To harvest your carrot seed, keep an eye on the umbels of flowers, and cut them off with secateurs as they start to turn brown and dry.  If you have plenty of plants, just save seed from the first and second umbels of flowers to appear on each plant, as these will give the biggest and best seed.  Dry the seed heads further inside, and then rub them between your hands or in a sieve to separate them.  You will notice that the seeds have a 'beard' which is removed in commercial seed to make them easier to pack.

You can sieve the seeds further to remove more of the chaff, but there is no need to get the seed completely clean - just sow slightly more thickly to allow for the chaff mixed in.   Carrot seed is relatively short lived, but if it is stored somewhere cool and dry, it should give good germination for 3 years.


Some common herbs

Basil, coriander and dill are annuals, parsley is a biennial, flowering in its second year of growth.

Basil flowers are insect pollinated, and different varieties flowering within around 150’ of one another may cross.  On a garden scale, if you want to grow several types of basil, just keep picking the flower stalks off of all the varieties apart from the one that you want to grow for seed.  Once several flower spikes have set and the flowers have started to wither, mark those spikes for saving seed from, and you can then allow the other varieties to flower.  The seeds are ready to collect when the spikes turn brown and dry out.  Don’t worry about the seeds dropping out – they are well attached, and actually need quite a lot of rubbing to free from the dead flower heads.

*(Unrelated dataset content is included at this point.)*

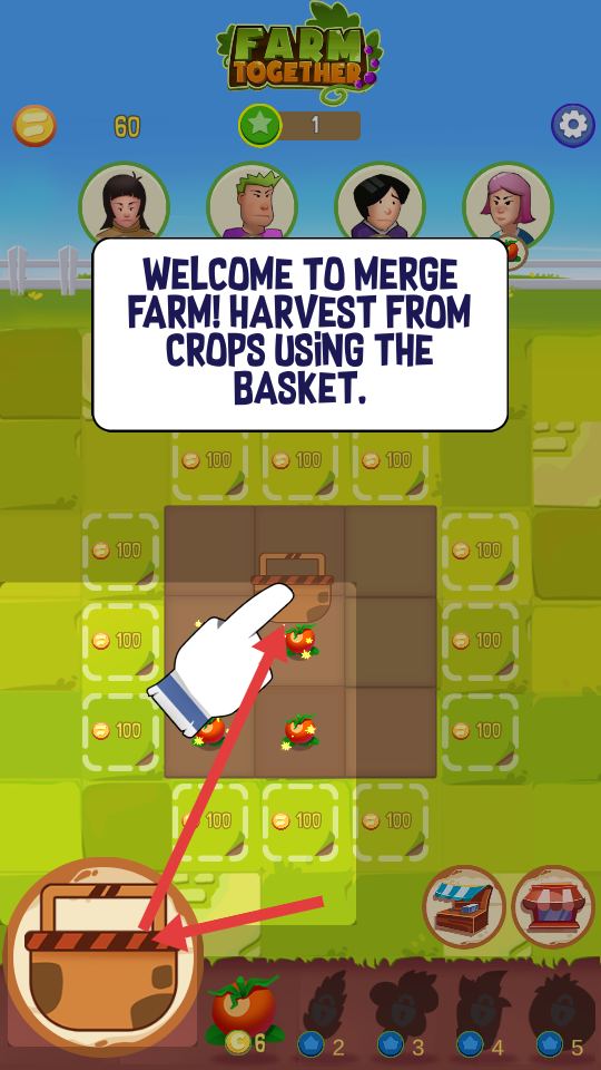 1、游戲開局根據提示,用籃子收割莊稼,點擊籃子并拖動到莊稼處完成收割,這是獲取初始資源的關鍵步驟。

With both coriander & dill, to get the best seed for sowing in future years, pull up and discard the earliest plants to bolt, and only save seed from those plants that produce plenty of leaf and flower late.  It is best to plan to save seed from early summer sowings, to allow plenty of time for the seed to mature and dry on the plant.  Harvest as soon as the seed is brown and dry, as it does tend to drop from the seed heads.  Rub the heads together in your hands over a bucket to free the seed.  Dill seed usually comes cleanly away from the seed heads.  Coriander seed tends to contain more chaff, but you can winnow it by pouring gently from one bucket to another in a light breeze if you want to clean it for kitchen use.

To save parsley seed, overwinter at least two or three plants.  In warmer areas mulch heavily with straw or cover plants with a frame, elsewhere grow a few plants in a polytunnel or greenhouse.  The next spring, the plants will start to flower and produce seed.  Flat and curly leaved varieties will cross, as the flowers are insect pollinated, so you should only grow one type for seed at a time.  Harvest the seeds from individual flowerheads as they dry and turn brown, as they tend to drop from the plant when ready.